[llvm] r211595 - Pass a unique_ptr<MemoryBuffer> to the constructors in the Binary hierarchy.

Alp Toker alp at nuanti.com
Fri Jul 4 16:51:02 PDT 2014


On 05/07/2014 01:40, Rafael EspĂ­ndola wrote:
>> I want to make sure we consolidate SourceMgr/SourceManager and similar code
>> that might exist in other LLVM subprojects, instead of just adding a new one
>> top-down.
>>
>> We're copying these files multiple times into memory, dozens of megabytes
>> per compilation at times because of the basic limitation that these
>> components are all trying to own the buffer and not able to share it beyond
>> their own lifetime.
>>
>> It's going to take time to get this down and a lot of the requirements will
>> be set by parallelisation of the compilation pipeline, in-memory operation
>> etc. work that has barely begun in the 3.5 series.
> OK, we are talking about different parts of the code. I was thinking
> *only* on changing these object to not own the buffer, ever. That
> looks like a much smaller part. I will take a quicik look to see how
> hard that is.

Yes, holding plain MemoryBuffer pointers will be cool whichever way we 
go, but I hope it's not at the expense of losing lazy bitcode loading.

>
> BTW, do you have a pointer to places in the code where we copy the buffers?

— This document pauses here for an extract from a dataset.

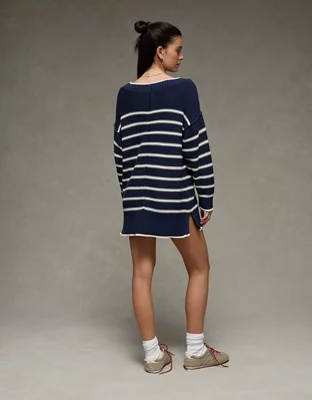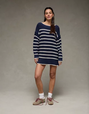 AE Striped Boat Neck Mini Sweater Dress

*All* places where we share a reference between backend, frontend or 
other code bases currently copy or re-open files.

I've attached a clang patch which fixes a handful of these to share OS 
resources using the new ownership model instead of copying into memory, 
fixing a bunch of FIXMEs in the frontend.

clang ToT also re-stats, re-opens and re-reads hundreds files like 
headers upon each run. This is really wasteful for parallel or 
sequential in-process compilation. I have further patches to solve that 
using the new infrastructure, for example reducing compile time on 
Windows by ~15% on Windows in our clang distribution.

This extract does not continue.